In today’s fast-paced world, where competition, social media, and daily stressors seem to be ever-present, anxiety has become a common companion. As soon as we enter our early 20s, we find ourselves juggling careers, increased responsibilities, relationships, and the pressures brought on by social media. Financial instability and living away from home makes it worse.
While therapy, psychologists and psychiatrists offer support in overcoming anxiety, not everyone has access to these resources. Thus anxiety and stress issues remain untackled by many. To combat anxiety, physical well being and exercising daily is recommended. But due to time crunch it is not possible for some people to tick that box off from their to do lists. Here’s an easy, less time consuming and doctor recommended exercise to relax, called JPMR (Jacobson’s Progressive Muscle Relaxation).
What is JPMR?
Jacobson’s Progressive Muscle Relaxation (JPMR) is a methodical technique that involves systematically tensing and then relaxing different muscle groups throughout your body, starting from your forehead and working down to your toes. This process helps reduce muscle tension, which in turn promotes a sense of calm and eases anxiety.
According to a study published by the National Institute of Health, JPMR is a hands-on relaxation method created by Edmund Jacobson in the 1920s. This technique involves tightening different muscle groups to create tension, then gradually releasing that tension to help the body relax. The process is repeated until a deep state of relaxation is achieved.
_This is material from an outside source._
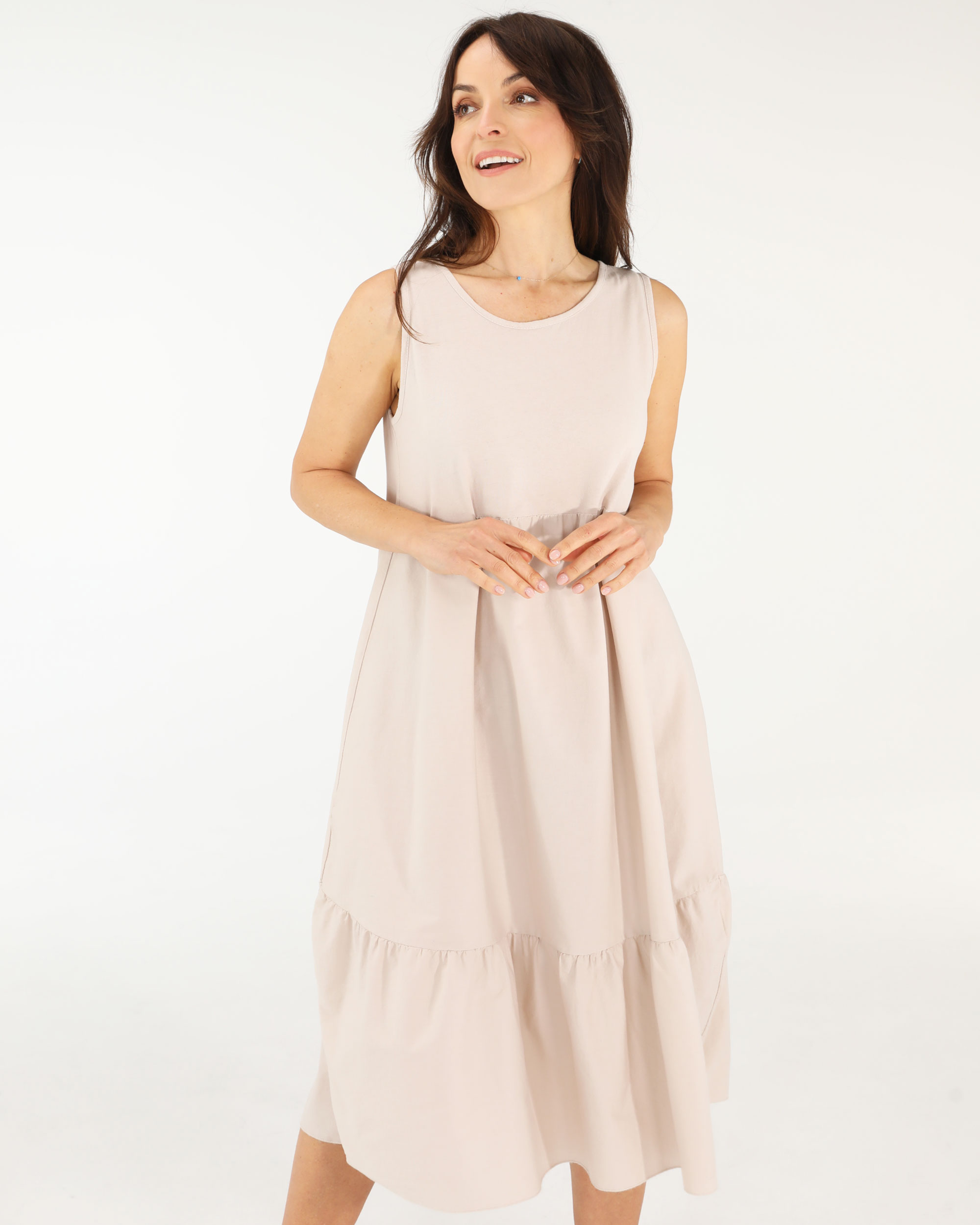 • Beżowa sukienka wykonana z cienkiej i miękkiej bawełny

JPMR connects mind and body, helps in gaining a state of calm and gives one control over psychological responses. Practising JPMR regularly will help you reduce your anxiety.
How to Practise JPMR
JPMR can easily be done at home with the help of YouTube videos, podcasts, or audio guides. If you have an expert to guide you through the process, it is cherry on top. Here’s a step-by-step guide to get you started:
- Choose a quiet room, lay down on your bed or sit on a chair comfortably. Make sure you’re not wearing tight clothes or a watch.
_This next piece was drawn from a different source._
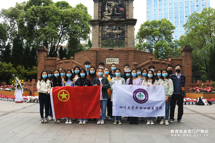 4月2日,四川大學華西口腔醫學院師生參加清明祭英烈主題教育活動。在四川大學華西校區毛英才烈士塑像前,師生代表緬懷革命英烈,重溫醫學生誓詞,立志成為擔當民族復興大任的時代新人。(陳元明/攝)

- Close your eyes and relax your body. Take a few deep breaths.
- Start with clenching your hands tightly. Hold them tight for nearly 5 seconds. Focus on the tension and count till 5. Then relax and feel the relaxation in your palm and fingers. Meanwhile, do not stretch any other muscle of your body.
- Similarly, tense your biceps for 5 seconds and release them after counting till 5 and again, relax. Feel the relaxation in your muscles.
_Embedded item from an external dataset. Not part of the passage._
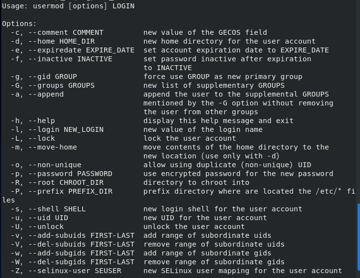 -m : 사용자의 홈 디렉터리 변경 시 기존에 사용하던 파일 및 디렉터리를 옮겨주는옵션으로 -d와 함께 쓰인다.

- Move your focus to your forehead. Stretch the eyebrows upwards. You will feel tension around your eyes and forehead. Release it after 5 counts and feel the relaxation.
- Next, move your attention to your face, tense your cheeks by closing your eyes tightly. Focus on the tension generated and release it.
- Clench your teeth tightly and roll your tongue on the roof of your mouth and concentrate on the tension of your jaw. Gently release it after 5 seconds.
- Move your attention to your shoulders. Move them upwards and hold them tight for 5 seconds. Release them and feel the relaxation.
- Take a few deep breaths and take one big breath and fill your stomach with air, hold it for 5 seconds and release it. Again, pull your stomach inside, feel the stretch and count till 5. Release the tension and feel the relaxation.
- Now move towards your thigh muscles and buttock. Hold them tight for five seconds and release to feel relaxed.
- Bring your attention to your feet. Stretch them downwards. Focus on the tension of stretching and count till 5. Then relax them and feel the relaxation.
- Relax your entire body and feel the relaxation. Open your eyes and sit up straight.
This entire process typically takes 20-30 minutes and can be practised twice a day for optimal results.
Incorporating JPMR into your daily routine can be a simple yet effective way to manage stress and reduce anxiety, bringing a sense of peace and relaxation into your life.
Benefits of JPMR
Here are the benefits of practising Jacobson’s Progressive Muscle Relaxation (JPMR):
Reduces Anxiety: JPMR helps lower anxiety levels by promoting a sense of calm and relaxation in both the mind and body.
Lowers Blood Pressure: Regular practice can help decrease blood pressure, contributing to better cardiovascular health.
Decreases Seizure Risk: JPMR may reduce the likelihood of seizures in individuals prone to them by promoting overall relaxation and reducing stress.
Improves Sleep Quality: By relaxing the body and mind, JPMR can enhance the quality of sleep, making it easier to fall asleep and stay asleep.
Relieves Muscle Tension: The technique systematically reduces muscle tension throughout the body, leading to a greater sense of physical relaxation.
Enhances Emotional Well-being: By helping you gain control over your body's stress responses, JPMR can improve your overall emotional well-being.
Promotes Mind-Body Connection: JPMR strengthens the connection between the mind and body, fostering a deeper awareness of how stress affects your physical state.
Incorporating JPMR into your daily routine can lead to these benefits, contributing to better mental and physical health.